The cheap alarm clock in the bathroom articulates tick-tock-tick-tock every second. It's an annoying sound.  It reminds me of time lapse.  It reminds me of the infiniteness of time.  It reminds me of my husband's death.  Actually, that's not true.  It doesn't remind me of Eric's death.  To remind implies a stage of forgetting. I don't need anything or anyone to remind me of my husband, but the tick-tock in the stillness of the night brings his image, all images, forward.  

The tick-tock exacerbates everything. 

The tick-tock replays our chapters.  Human memories suck. We remember events as we choose to remember them, not necessarily the ways they actually happened. The tick-tock replays the years of incomprehensible agony my husband endured.  It reminds me of all the disagreements we have had through the years, yet he never, ever, raised his voice at me.  That he would never engage in a fight but approached every conflict in the most - I kid you not - annoyingly rational discussion…  The tick-tock reminds me of our most invaluable Couchsurfing experiences that led me to the most amazing people and self discoveries; it reminds me to never let fear dominates my decision.  The tick-tock reminds me of Eric's moodiness, his constant needs for intellectual challenges, his passion for graceful movements; his mandate for living life fully.  The tick-tock reminds me of my bossiness, my optimism, my plea to the worthless gods who turned their eyes from sufferings.  The tick-tock reminds me of something extremely important:  I was the best wife I knew how.  I did my best. And that I couldn't have done any better.  
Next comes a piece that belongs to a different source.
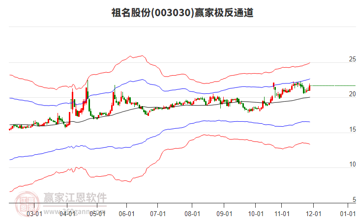 依據(jù)贏家江恩系統(tǒng)趨勢工具極反通道分析判斷祖名股份003030運(yùn)行在生命線以下弱勢區(qū)域,根據(jù)規(guī)則該股短線輕倉參與,股價(jià)跌至弱勢外軌線后波段再結(jié)合其它工具信號建倉。應(yīng)用口訣是:生命線上強(qiáng)勢走,生命線下難抬頭;紅黃兩條外軌線,壓力支撐顯勢頭。

The tick-tock also replays one of our last walks around the neighborhood, and our conversation.  It reminds me how much my husband loved me, in the most unconditioned way.  Not unconditional, but unconditioned; to me, it was more meaningful.  The tick-tock reminds me of the Sunday afternoon preceding my husband's death.  I wanted to go for a skate, but was preparing a Japanese dinner to celebrate Chinese New Year - we were a United Nation family after all.  When I finally got around to it, I missed the warm sun on the skate path.  Eric said, "Moral of the story: When the sun is out, drop everything, go do stuff."  

The tick-tock speaks simple facts. When Eric died, he chose to remember that he had a great life with great friends.  He lived his life in the moment; all-in.  That my husband left no stone unturned to get well, or get better. That I, his wife, was one of the most precious people in his life.  His wish was always for me to be happy. That he loved me, without any bounds.  

The tick-tock says:  I allow nobody to judge him and his death.

The tick-tock continues at 0615.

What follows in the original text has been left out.